In use, the automatic reversible arc assembly of the described embodiments allows the irrigator to place the sprinkler adjacent the road and operate the sprinkler in a 180-degree arc facing back into the field. This allows all the field to be irrigated by the hose reel without getting water on a public road. After extending the traveling hose reel, the sprinkler is set facing away from the road and into the field to be irrigated. The irrigator pivots the stop assembly mounting plate 30 into the first position, and setting the timer module 38 serves to engage the timer latch 40 with the latch pin 24 to thereby secure the assembly in the first position. That is, the first position is achieved by rotating the assembly 10 downward so that the timer latch 40 clears the latching pin 24. Once the latching pin 24 clears the timer latch 40, the timer is rotated to engage the timer latch 40 with the latching pin 24, thereby fixing the assembly in the first position. The timer is set by the operator to the length of the time that the sprinkler will operate in the 180-degree arc setting. The timer is set so that the sprinkler will reverse directions far enough from the edge of the field so as to prevent water from spraying on the adjacent road. In an exemplary embodiment, the timer module 38 may have a range from a few minutes up to four or eight hours.
When the timer expires, the timer latch 40 releases the latch pin 24, and the torsion springs 20 serve to rotate and hold the stop assembly mounting plate 30 in the second position. That is, the torsion springs 20 cause the assembly 10 to pivot from the first position (FIGS. 1-3) to the second position (FIGS. 4 and 5). As noted, the secondary stop members 34 are deflectable to allow the direction change arm 104 to rotate over the back side of the stops 34 if the direction change arm 104 is positioned on the wrong side of the secondary stop members 34 when the stop assembly mounting plate 30 is displaced into the second position after the timer expires.

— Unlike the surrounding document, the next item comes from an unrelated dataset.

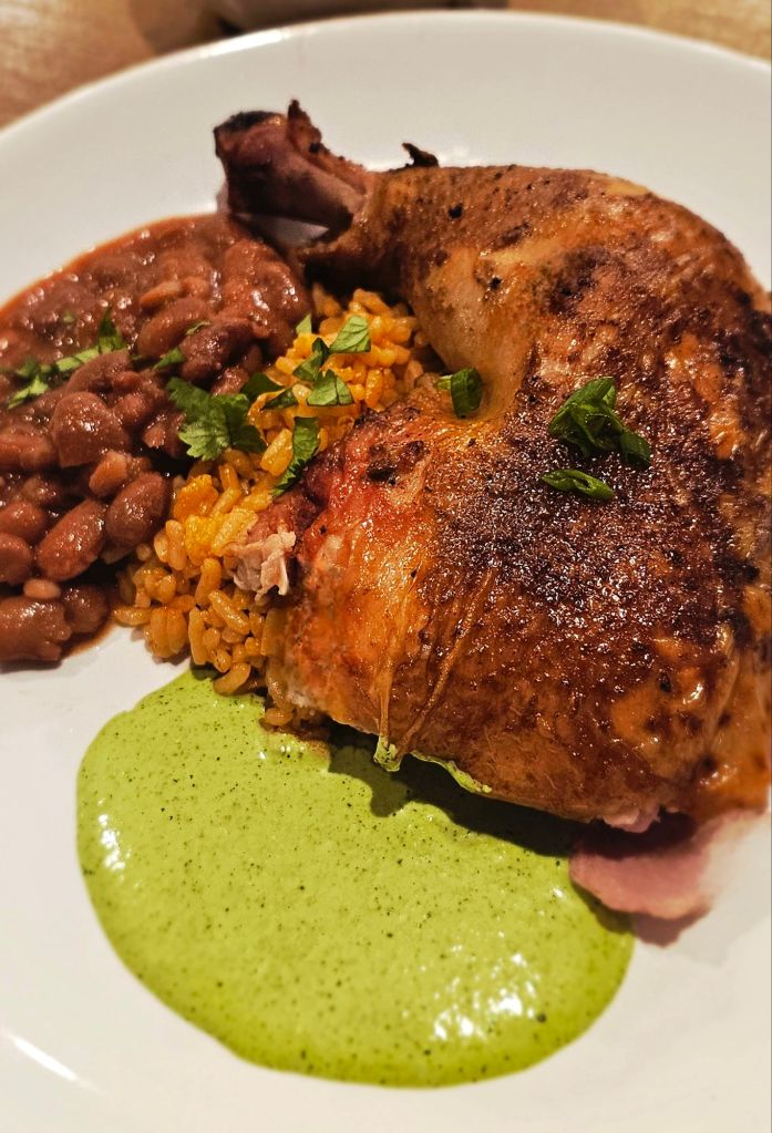 Plate a generous scoop of rice, ladle the stewed beans alongside or on top, and carve the chicken into pieces. Drizzle or serve a spoonful of aji verde alongside for bright, herbal heat. Fried potatoes or a simple green salad are excellent additions.

The assembly 10 may be retrofit to any size sprinkler. The ring mounts 12 may be sized to accommodate varying base covers or other non-moving parts of existing sprinklers.
With the automatic reversible arc assembly of the described embodiments, a system utilizing a traveling hose reel adjacent a public road can irrigate the entire field without getting water on the public road. The assembly prevents the sprinkler from getting water onto the public road for a preset time period, after which the sprinkler arc is modified to officially cover a wider area of the field. In an exemplary construction, a 270-degree arc is used so that the sprinkler does not irrigate over the traveling hose and create wheel tracks from the cart.
While the invention has been described in connection with what is presently considered to be the most practical and preferred embodiments, it is to be understood that the invention is not to be limited to the disclosed embodiments, but on the contrary, is intended to cover various modifications and equivalent arrangements included within the spirit and scope of the appended claims.